### REQUIRED ACTION
Please restate word for word the lines of the entries below from the one with "Bajo el epígrafe" to the one with "Mýdlenka. Barva pískově", inclusive, and leave out every picture.

--- ENTRIES SHOWN Enclosed Below ---

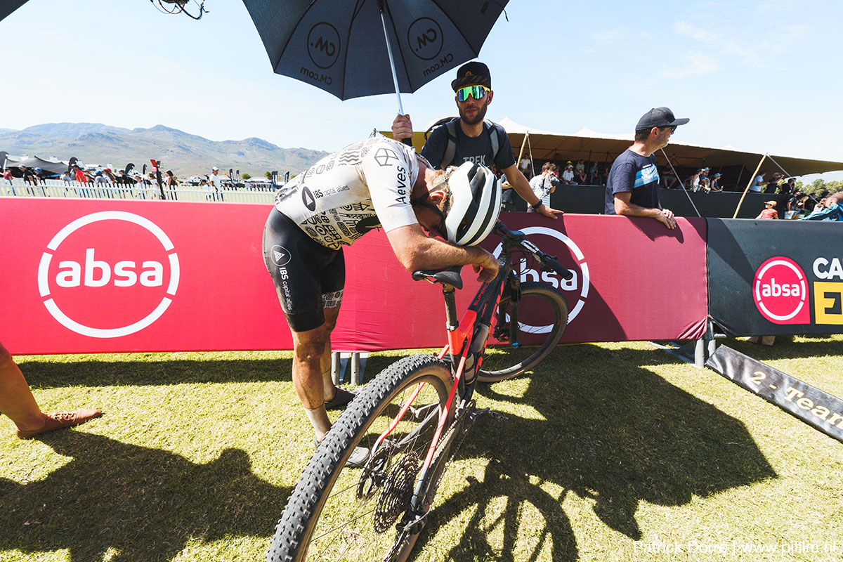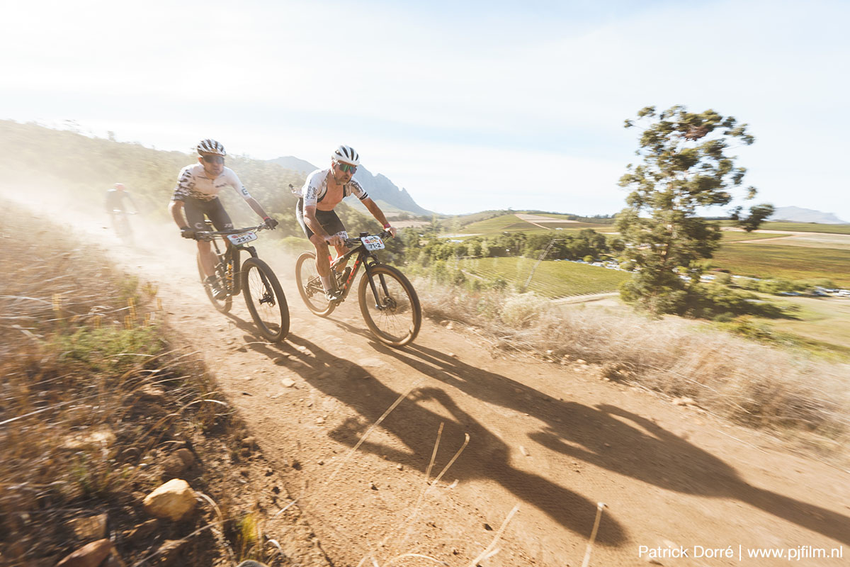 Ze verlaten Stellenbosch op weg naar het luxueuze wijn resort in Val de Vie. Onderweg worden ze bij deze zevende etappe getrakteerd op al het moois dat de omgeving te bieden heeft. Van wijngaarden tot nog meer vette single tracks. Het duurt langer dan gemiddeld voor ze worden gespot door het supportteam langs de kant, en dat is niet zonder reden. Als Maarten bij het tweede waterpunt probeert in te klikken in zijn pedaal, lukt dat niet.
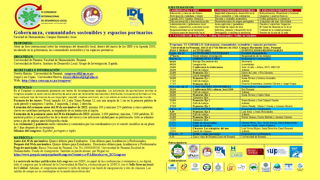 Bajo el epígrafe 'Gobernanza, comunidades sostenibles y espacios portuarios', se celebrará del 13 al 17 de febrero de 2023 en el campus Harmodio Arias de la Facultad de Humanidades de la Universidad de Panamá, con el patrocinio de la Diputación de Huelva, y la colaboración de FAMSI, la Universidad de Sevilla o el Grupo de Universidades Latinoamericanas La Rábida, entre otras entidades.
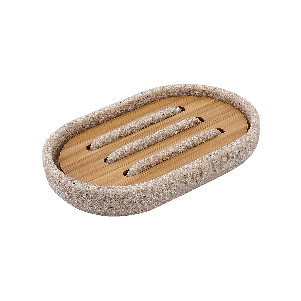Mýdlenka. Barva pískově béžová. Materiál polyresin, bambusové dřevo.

--- End of Enclosed ENTRIES SHOWN ---
--- ENTRIES SHOWN Enclosed Below ---

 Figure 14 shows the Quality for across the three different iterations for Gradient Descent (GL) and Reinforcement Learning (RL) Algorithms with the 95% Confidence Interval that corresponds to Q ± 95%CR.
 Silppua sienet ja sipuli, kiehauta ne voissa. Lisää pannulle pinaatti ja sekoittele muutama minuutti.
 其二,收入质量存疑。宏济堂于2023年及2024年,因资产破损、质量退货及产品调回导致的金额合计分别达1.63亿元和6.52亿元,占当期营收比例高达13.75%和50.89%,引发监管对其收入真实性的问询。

--- End of Enclosed ENTRIES SHOWN ---

### EXPECTED ANSWER
 Bajo el epígrafe 'Gobernanza, comunidades sostenibles y espacios portuarios', se celebrará del 13 al 17 de febrero de 2023 en el campus Harmodio Arias de la Facultad de Humanidades de la Universidad de Panamá, con el patrocinio de la Diputación de Huelva, y la colaboración de FAMSI, la Universidad de Sevilla o el Grupo de Universidades Latinoamericanas La Rábida, entre otras entidades.
Mýdlenka. Barva pískově béžová. Materiál polyresin, bambusové dřevo.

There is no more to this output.